A maior parte dos que frequentam as "igrejas ao gosto do
freguês" professam ser cristãos. No entanto, eles foram atraídos a essas
igrejas pelas mesmas coisas que atraíram os não-crentes, e continuam sendo
alimentados pela mesma dieta biblicamente anêmica, inicialmente elaborada para
não-cristãos. Na melhor das hipóteses, eles recebem leite aguado; na pior das
hipóteses, "alimento" contaminado com "falatórios inúteis e
profanos e as contradições do saber, como falsamente lhe chamam" (2 Tm
6.20). Certamente uma igreja pode crescer numericamente seguindo esses
moldes, mas não espiritualmente.
Além do mais, não há oportunidades para os crentes crescerem na
fé e tornarem-se maduros em tal ambiente. Tentando defender a "igreja ao
gosto do freguês", alguns têm argumentado que os cultos durante a semana
são separados para discipulado e para o estudo profundo das Escrituras. Se esse
é o caso, trata-se de uma rara exceção e não da regra!
Como já notamos, a maioria dessas igrejas, no uso do seu tempo,
energia e finanças tem como alvo acomodar os "desigrejados". Consequentemente,
semana após semana, o total da congregação recebe uma mensagem diluída e
requentada. Então, na quarta-feira, quando a congregação usualmente se reduz a
um quarto ou a um terço do tamanho normal, será que esse pequeno grupo recebe
alimentação sólida da Palavra de Deus, ensino expositivo e uma ênfase na sã
doutrina? Dificilmente. Nunca encontramos uma "igreja ao gosto do
freguês" onde isso acontecesse. As "refeições espirituais"
oferecidas nos cultos durante a semana geralmente são reuniões de grupos e
aulas visando o discernimento dos dons espirituais, ou o estudo de um
"best-seller" psico-cristão, ao invés do estudo da Bíblia.
Talvez o aspecto mais negativo dessas igrejas seja sua tentativa
de impressionar os "desigrejados" ao mencionar especialistas
considerados autoridades em resolver todos os problemas mentais, emocionais e
comportamentais das pessoas: psicólogos e psicanalistas. Nada na história da
Igreja tem diminuído tanto a verdade da suficiência da Palavra de Deus no
tocante a "todas as coisas que conduzem à vida e à piedade" (2 Pe
1.3) como a introdução da pseudociência da psicoterapia no meio cristão.

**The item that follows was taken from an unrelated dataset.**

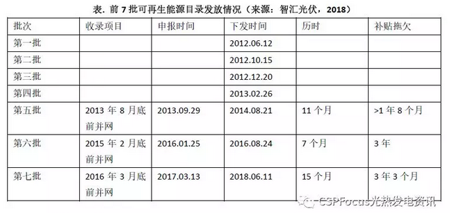 表.前7批可再生能源目錄發放情況(來源:智匯光伏,2018)

Seus milhares de conceitos e centenas de metodologias não-comprovados são
contraditórios e não científicos, totalmente não-bíblicos, como já documentamos
em nossos livros e artigos anteriores. Pritchard observa:
...em Willow Creek, Hybels não somente ensina princípios
psicológicos, mas frequentemente usa esses mesmos princípios como guias
interpretativos para sua exegese das Escrituras – o rei Davi teve uma crise de
identidade, o apóstolo Paulo encorajou Timóteo a fazer análise e Pedro teve
problemas em estabelecer seus limites. O ponto crítico é que princípios
psicológicos são constantemente adicionados ao ensino de Hybels" (p. 156).

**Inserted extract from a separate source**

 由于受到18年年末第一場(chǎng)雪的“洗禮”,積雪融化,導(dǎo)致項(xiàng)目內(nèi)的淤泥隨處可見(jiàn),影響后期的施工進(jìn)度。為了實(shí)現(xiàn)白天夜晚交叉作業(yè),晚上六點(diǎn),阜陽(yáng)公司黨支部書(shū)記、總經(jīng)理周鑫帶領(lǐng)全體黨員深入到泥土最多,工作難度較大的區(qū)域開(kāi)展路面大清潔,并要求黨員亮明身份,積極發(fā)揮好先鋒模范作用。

Durante minha visita a Willow Creek, o pastor Hybels trouxe uma
mensagem que começou com as Escrituras e se referia aos problemas que surgem
quando as pessoas mentem. Contudo, ele se apoiou no psiquiatra M. Scott Peck, o
autor de The Road Less Travelled (Simon & Schuster, 1978) quanto às
consequências desastrosas da mentira. Nesse livro, M. Scott Peck declara (pp.
269-70): "Deus quer que nos tornemos como Ele mesmo (ou Ela mesma)"!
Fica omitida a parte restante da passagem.